Cette référence à la pièce de Cocteau s’adresse au metteur en scène, Ivo Van Hove, et à son interprète, Halina Reijn.
Créée en 1930 à La Comédie Française par Berthe Bovy, ce monologue de femme désespérée a souvent été repris.
Versions théâtrales ou « opératiques » (sur la musique de Francis Poulenc) ont donné lieu aux mises en scène les plus diverses, du mélodrame risible jusqu’à l’hystérie outrancière voulue par Krisstof Warlikowski dernièrement à l’Opéra de Paris (Lulu de mars 2018.)
Rien de tout cela dans le remarquable travail d’Van Hove et d’Halina Reijn.
Revivifié, rajeuni, reprenant chair et corps, le texte de Cocteau retrouve force, et intensité.
Déployant avec subtilité ses accents purement dramatiques, incidents de liaison téléphonique ou digressions d’ordre pratique émaillent ce pathétique récit de rupture :
Ultime conversation téléphonique entre une femme encore folle d’amour et son amant qui vient de la quitter.

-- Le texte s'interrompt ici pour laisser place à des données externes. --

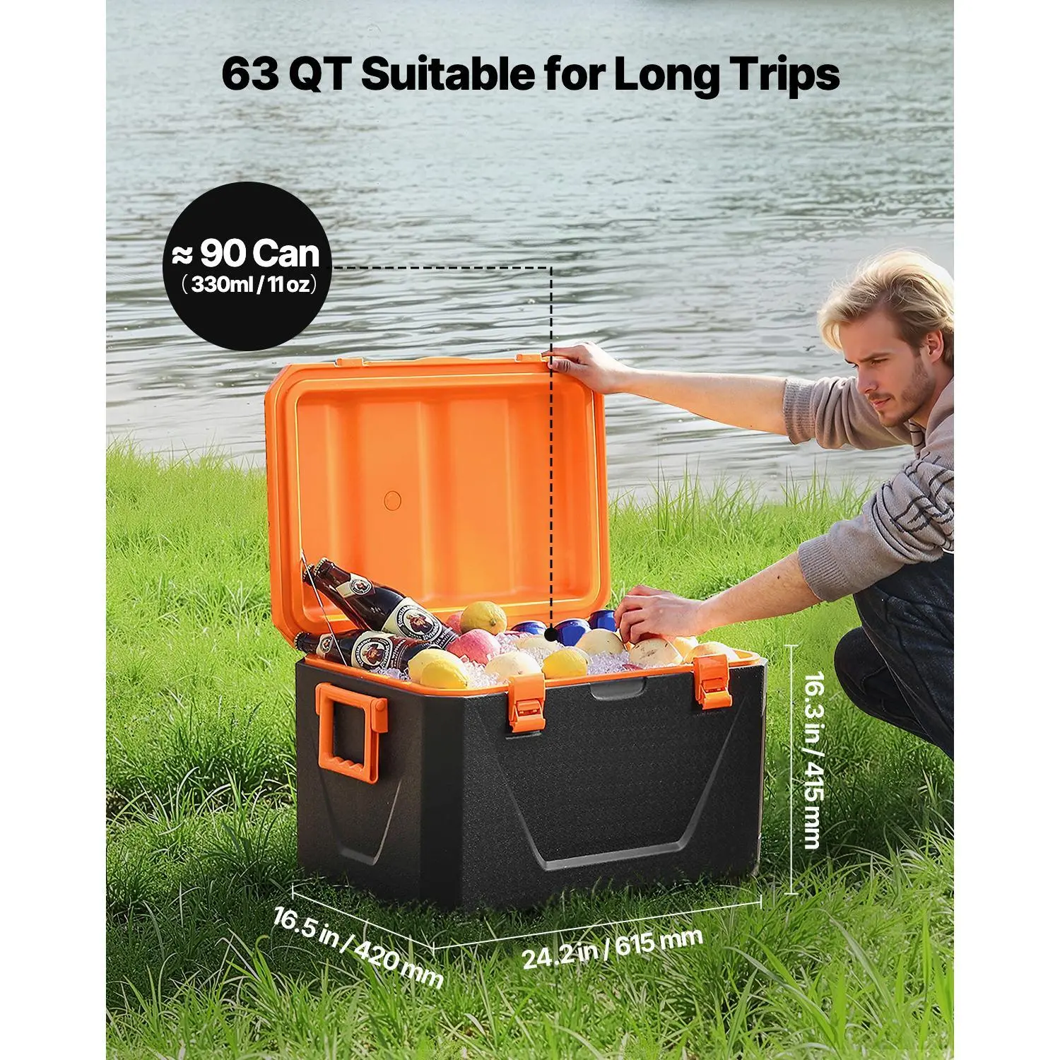 • 63QT Large Capacity: This portable cooler provides a 63QT capacity, holding up to 90 cans (330ml / 11 oz), ideal for long trips, family picnics, and more.

Cocteau rendant invisible et silencieux l’interlocuteur au bout du fil,
Le douloureux cheminement de cet échange à une voix,
Repose sur les seules répliques de la femme.

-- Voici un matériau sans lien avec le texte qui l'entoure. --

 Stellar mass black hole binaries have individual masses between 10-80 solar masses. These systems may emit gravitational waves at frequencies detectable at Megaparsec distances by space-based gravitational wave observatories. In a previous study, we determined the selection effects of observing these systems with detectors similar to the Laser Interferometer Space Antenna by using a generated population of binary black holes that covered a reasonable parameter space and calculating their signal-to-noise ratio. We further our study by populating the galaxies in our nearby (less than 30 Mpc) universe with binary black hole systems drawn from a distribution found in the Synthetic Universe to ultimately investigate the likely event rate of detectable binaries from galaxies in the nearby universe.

Sur le plateau, un grand espace blanc encadré de noir.
Pas un seul élément de décor.
Un long fil électrique serpente au sol.
Musique douce, actrice absente,
Seule sa « voix » se fait entendre.
Les difficultés de la liaison téléphoniques en sont le sujet.
La communication enfin établie,
Son entrée en scène presque joyeuse,
En pantalon de jogging à bandes rouges, sweatshirt orné de Mickey, et chaussettes ciel,
A l’écoute de son amant,
Ses sautillements spontanés manifestent un bonheur retrouvé.
Rien de ridicule dans l’ensemble de la gestuelle voulue par Ivo Van Hove.
Tout y sera étudié au sceau de la spontanéité et de la sincérité la plus naturelle, la plus authentique.
Foin de l’être artificiel trop souvent représenté.
Bannie l’hystérie décriée par Lulu,
Place à la femme blessée, souffrante, aimante, désespérée, enfin suicidée.
Les lumières de Jan Versweyveld, qui signe aussi la superbe scénographie, viennent encore sublimer l’action,
Comme les silences et la musique, le son, la voix, modulés, tour à tour assourdissants ou susurrés.
L’analyse du texte par Ivo Van Hove s’appuie sur un découpage presque chirurgical
Dont l’intense efficacité dramatique du début,
Laisse place, ma seule réserve, comme à un ralentissement vers un dénouement, lui magnifiquement réalisé.
Sur fond de bruit de circulation, fenêtre ouverte,
Soudain magnifiée, longue chevelure libérée dans sa belle robe de satin bleu flottant au vent,
L’actrice, déjà étonnante de présence dramatique, émouvante, pathétique tout au long de son monologue, qu’elle embrasse une chaussure oubliée, qu’elle feigne maladroitement le courage ou qu’elle remercie l’inconstant de sa gentillesse, se heurtant à une paroi de verre, assise au bord du plateau ou debout, au fond de scène dos au public,
Saute dans le vide en un éclair de lumière suivi d’un noir absolu.
Saisissant, tragique véritablement.
Cocteau renouvelé,
Ivo Van Hove retrouvé,
Halina Reijn révélée.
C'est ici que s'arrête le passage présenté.